(Input records Opens)

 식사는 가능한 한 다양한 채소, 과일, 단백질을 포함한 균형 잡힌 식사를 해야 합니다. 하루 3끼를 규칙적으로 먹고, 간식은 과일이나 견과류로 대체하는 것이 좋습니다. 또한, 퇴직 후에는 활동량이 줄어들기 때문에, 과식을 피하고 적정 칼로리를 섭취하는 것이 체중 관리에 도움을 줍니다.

(Input records Closes)
(Input records Opens)

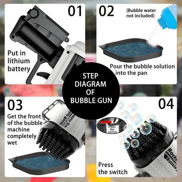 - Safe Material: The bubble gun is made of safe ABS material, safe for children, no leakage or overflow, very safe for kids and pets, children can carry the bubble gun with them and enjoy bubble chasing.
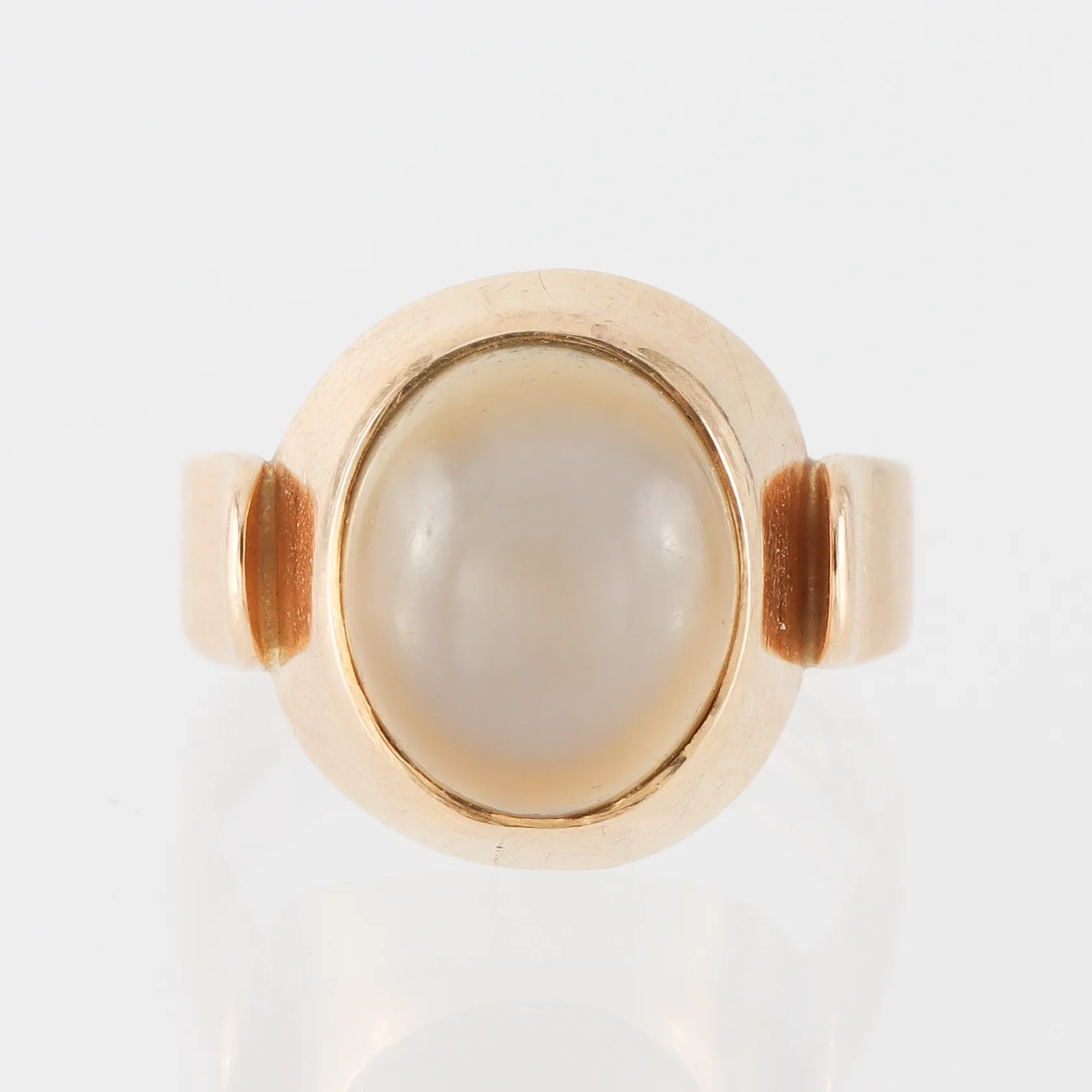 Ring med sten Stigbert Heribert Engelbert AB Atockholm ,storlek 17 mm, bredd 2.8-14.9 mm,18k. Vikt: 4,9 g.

(Input records Closes)
(Input records Opens)

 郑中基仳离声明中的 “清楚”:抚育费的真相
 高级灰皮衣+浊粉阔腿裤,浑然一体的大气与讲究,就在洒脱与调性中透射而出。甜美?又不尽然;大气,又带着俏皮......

(Input records Closes)

» What the task asks: For the data above, set down exactly the lines from the line with "- Safe Material: The" to the line with "Ring med sten", both included, leaving pictures out.

» Written solution:
 - Safe Material: The bubble gun is made of safe ABS material, safe for children, no leakage or overflow, very safe for kids and pets, children can carry the bubble gun with them and enjoy bubble chasing.
 Ring med sten Stigbert Heribert Engelbert AB Atockholm ,storlek 17 mm, bredd 2.8-14.9 mm,18k. Vikt: 4,9 g.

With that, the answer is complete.